— Как ты сюда попал? — спросил генерал.
Я пожал плечами.
— Я писатель, — сказал я. — Писатели всегда найдут способ попадать в хорошо охраняемые места — как это узнали мужья любовниц лорда Байрона, к их печали.
— Какой герой! — пробормотал генерал. — Ты говоришь так же, как и двадцать лет назад. — Он сделал паузу. — Неужели так давно мы не виделись?
Я кивнул.
— Ну, это не имеет значения. — Он улыбнулся и протянул руку. — Здорово, что ты здесь.
— Ты хорошо выглядишь, — сказал я ему, и ложь эта далась нелегко. Его рука была холодной и влажной. Его глаза тоже были холодными и влажными.
— Спасибо, садись и устраивайся поудобнее, если сможешь. — Холодные влажные глаза быстро скользнули по маленькой комнатке. Здесь не было ничего, кроме стола, раскладушки, умывальника и панели приборов у стены.
— Извини, я не могу предложить тебе выпить, — сказал он. — Это против правил. Они даже не позволяют мне курить здесь.
Я взглянул на маленький книжный шкаф, стоявший рядом с кроватью.
— Тебе разрешено читать, как я вижу.
— Это награда заключенного за хорошее поведение.
— Заключенного? — улыбнулся я. — Странно звучит из уст человека с пятью звездами на плече.
— На моей груди тоже может быть пять цифр, — ответил он. — Но не цитируй меня. — Его веки слегка прикрыли влажные холодные глаза. — Послушай, ты здесь не ради интервью, не так ли?
— Конечно, нет. Никто не берет у тебя интервью. Никто даже не должен знать, где ты или что ты делаешь. Они разъяснили мне это очень ясно, прежде чем позволили посетить тебя.
Он сел за стол.
— Ты не мог бы рассказать мне, как провернул этот маленький трюк? Это же все совершенно секретно. Я не видел своего санитара в течение трех недель, и все же ты попал сюда, вот так. Как ты это сделал?
— Они пригласили меня. Кто-то как-то узнал, что мы вместе учились в школе. Подумал, что тебе пойдет на пользу увидеть одного из своих старых друзей, который поможет скоротать время.
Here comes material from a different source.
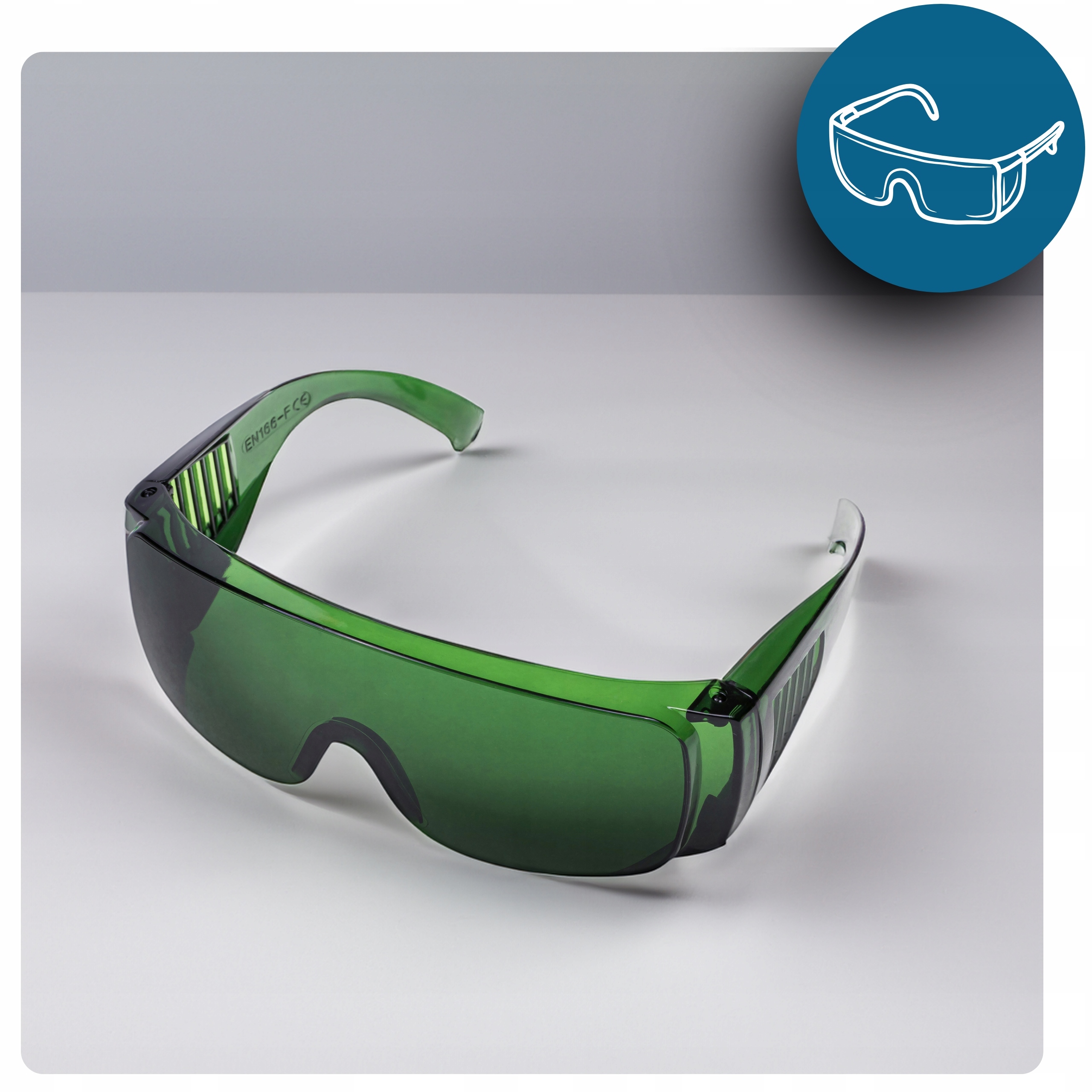 Zielone okulary laserowe poprawiają widoczność wiązki laserowej, co jest szczególnie pomocne w jasnych pomieszczeniach oraz na zewnątrz przy dużych odległościach.

— Они. — Он сказал это так, словно это было какое-то грязное слово. — Я имею в виду докторов. Они наблюдают за мной уже в течение нескольких недель, ожидая, когда я ослабну. Медики — единственные посетители, которых я вижу, — они регулярно приходят с каким-то нудным оправданием физического осмотра. Но я вижу «Раздел восемь» в их глазах.
— Извини. Я не хотел тебя расстраивать.
— Все в порядке. Я знаю, что ты должен был сделать. Подбодрить меня, да? Немного разговоров о старых добрых временах, не так ли?
— Ну, более или менее.
— Тогда, если ты не возражаешь, я соглашусь на менее. — Он снова улыбнулся, но это было только движение губ. — У меня было достаточно времени, чтобы подумать о старых добрых временах в одиночестве. Это тема в прошлом. Все в прошлом. — Он посмотрел на приборные панели. — Я полагаю, они сказали тебе, что я здесь делаю?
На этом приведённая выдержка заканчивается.